The ARIMA model fits the fluctuations in HFRS frequency and it can be used for future forecasting when applied to HFRS prevention and control.

Keywords

Hemorrhagic fever with renal syndrome Autoregressive integrated moving average model Prevalence

Background

Hemorrhagic fever with renal syndrome (HFRS), a rodent-borne disease caused by hantaviruses (family Bunyaviridae), is characterized by fever, acute renal dysfunction, and hemorrhage manifestations [13]. HFRS was first recognized in northeastern China in 1931 and has been prevalent in many other parts of China since 1955. At present, it is highly endemic in mainland China accounting for 90 % of the total cases reported in the world [47]. In response to the spread of HFRS in China, the Chinese Center for Disease Control and Prevention (CDC) established the National Notifiable Disease Surveillance System in 2004, which made the surveillance data for HFRS more accurate and comprehensive. A better understanding of the spatial distribution patterns and social demographic distribution characteristics of HFRS would help to identify areas and populations at high risk. Early warnings are also essential for controlling or reducing the risk of outbreaks [8], epidemic modeling and forecasting can be essential tools to prevent and control HFRS [9]. In epidemiology, Autoregressive integrated moving average (ARIMA) models have been successfully applied to predict the incidence of infectious diseases, such as HIV [10], influenza [11], malaria incidence [12], and other infectious diseases [1315].

This study aimed to establish the current situation of endemic HFRS in Yiyuan, and characterize its spatio-temporal distribution and demographic distribution characteristics. Furthermore, we fit ARIMA models and predict the HFRS epidemic trend by using SAS version 9.2 (SAS Institute, Cary, NC,USA). Our study was based on HFRS epidemic data from Yiyuan County, China, where it could provide a basis for HFRS prevention and control.

Methods

Study area

The study site is located in Yiyuan County (latitude 35°55′ ~ 36°23′ N and longitude 117°54′ ~ 118°31′ E), in the central part of Shandong province. Monthly HFRS cases reported during 2005–2014 were provided by Zibo CDC, and we were permitted to use the data. In China, HFRS is a nationally notifiable disease and hospital physicians must report every case of HFRS to the local health authority within 24 h.

Ethics statement

The ethical approval was given by Ethics Review Committee of the Zibo Center for Disease Control and Prevention, and the study was conducted in compliance with the principles of the Declaration of Helsinki. Written informed consents for the use of their clinical samples were obtained from the patients and all analyzed data were anonymized. Besides, consents of participants who were under 16 years have been obtained from their parents/guardians.

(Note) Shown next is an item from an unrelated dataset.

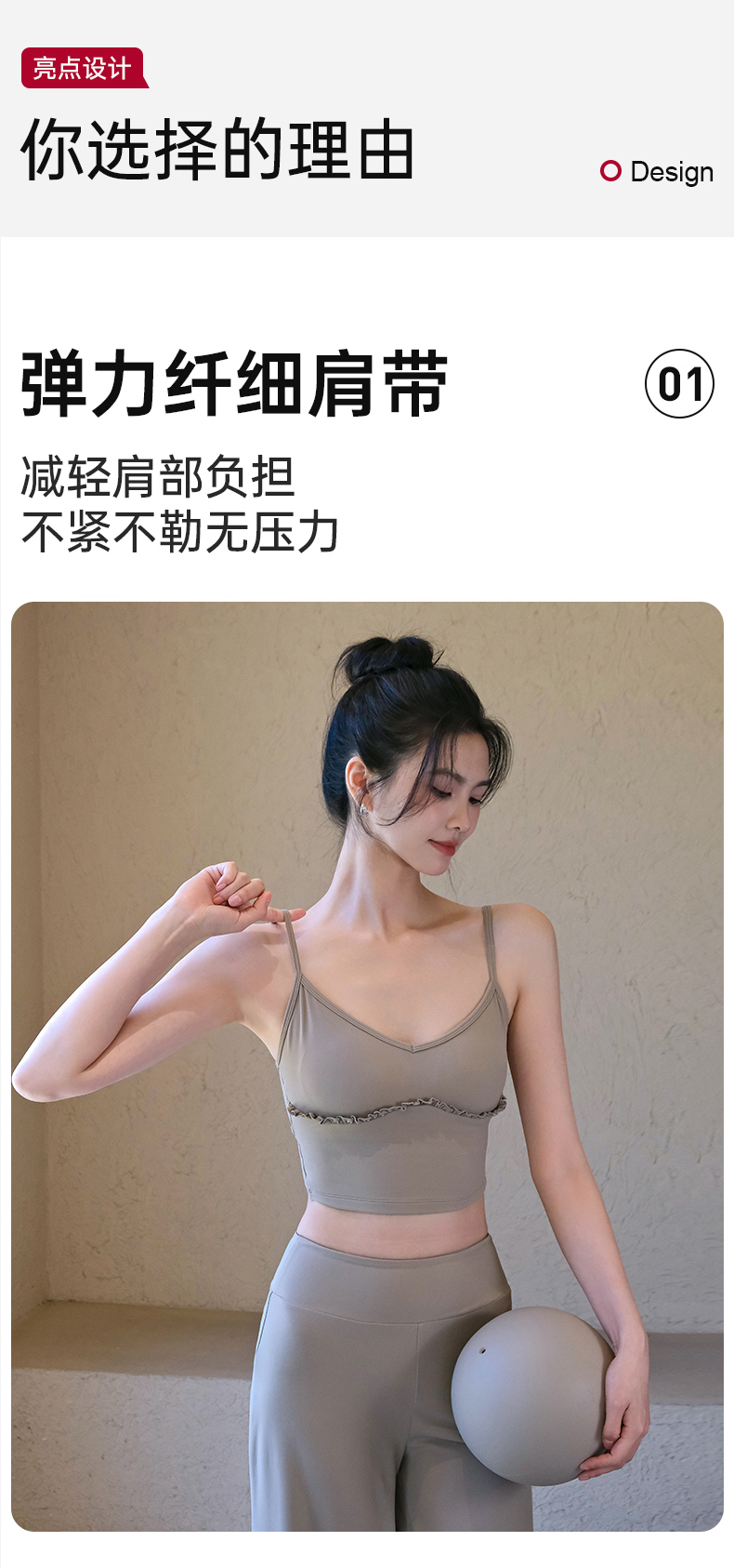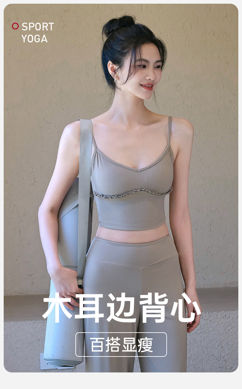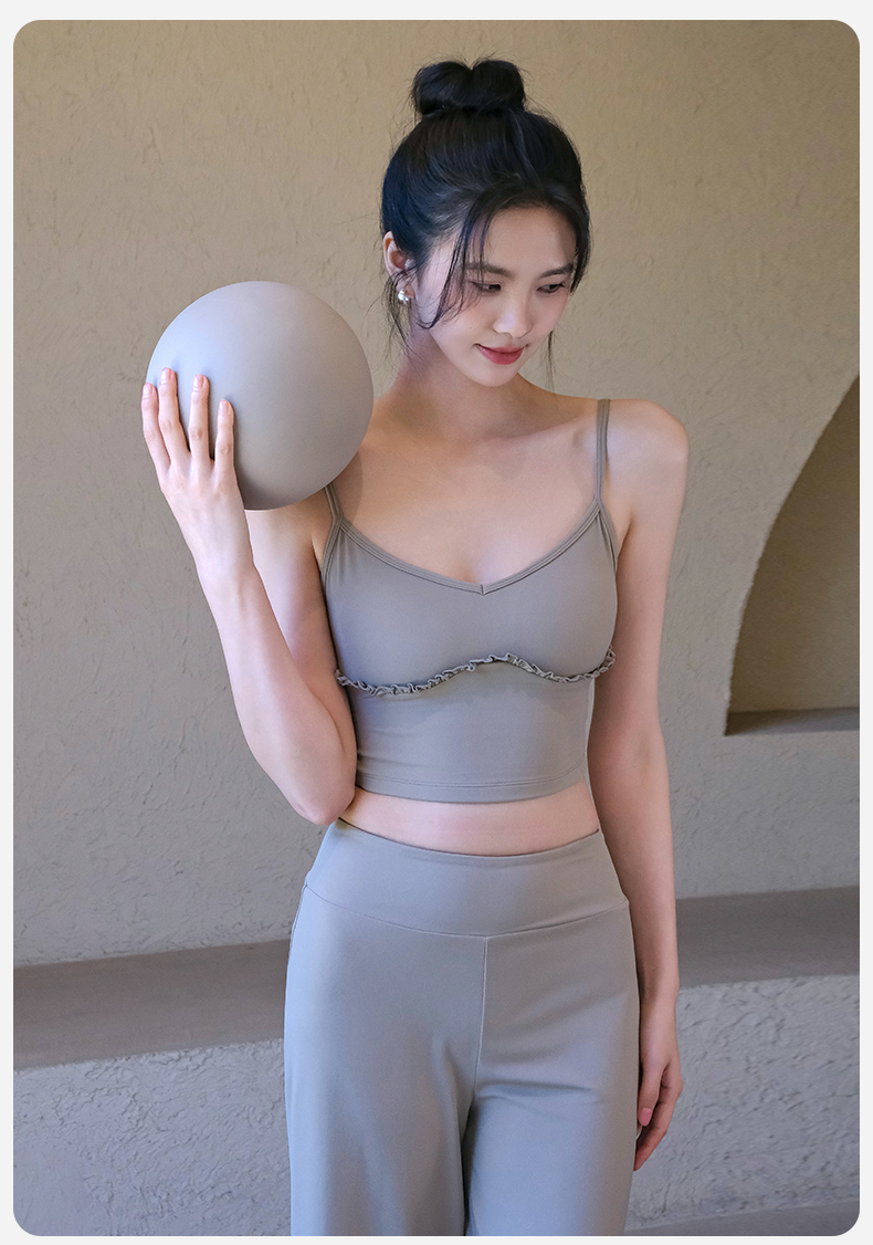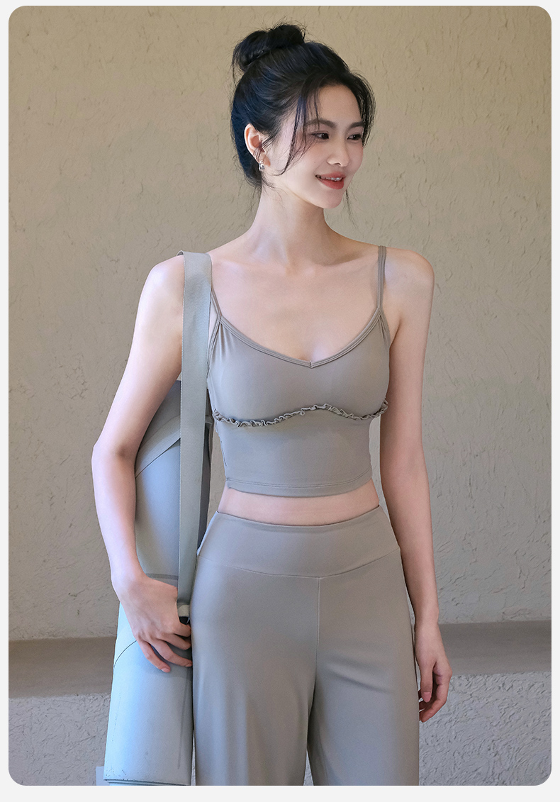 跃牌【禅语梵心】云感美背细肩带花边瑜伽背心带胸垫普拉提健身文胸运动内衣女WX5537

Demographic distribution analysis

The demographic distribution characteristics including age, sex and occupation distribution of HFRS cases from 2005 to 2014 in Yiyuan County were analyzed according to surveillance data. All HFRS cases were geo-coded and matched to the town-level layers of polygon and point by administrative code using the software ArcGIS9.3 (ESRI Inc., Redlands, CA, USA). To alleviate variations of incidence in small populations and areas, annualized average incidence of HFRS per 100 000 at each town over the 10 year-period were calculated. Furthermore, annualized average incidences and the proportion of monthly average incidence for each town were mapped in gradient colors and pie charts, respectively. To approximately distinguish the dominant hantaviruses, we divided a year into three periods according to the seasonal distribution of the HFRS cases: March to June (in spring and early summer), July to August (in summer), and September to February (in autumn and winter).

Time-series analysis

ARIMA models are the most commonly used time series prediction models [10]. We constructed ARIMA models for monthly HFRS incidence in Yiyuan from 2005 to 2014. ARIMA was designed to deal with highly seasonal data [16]. An ARIMA (p, d, q) model comprises three types of parameters [9, 16, 17]: the autoregressive parameters (p), number of differencing passes (d), and moving average parameters (q). The multiplicative seasonal ARIMA (p, d, q) × (P, D, Q)s model is an extension of the ARIMA method to time series in which a pattern repeats seasonally over time [15, 16, 18]. Analogous to the simple ARIMA parameters, the seasonal parameters are: seasonal autoregressive (P), seasonal differencing (D), and seasonal moving average parameters (Q). The length of the seasonal period is represented by s. For example, the incidence of infectious disease varies in the annual cycle, so s = 12 in the present study.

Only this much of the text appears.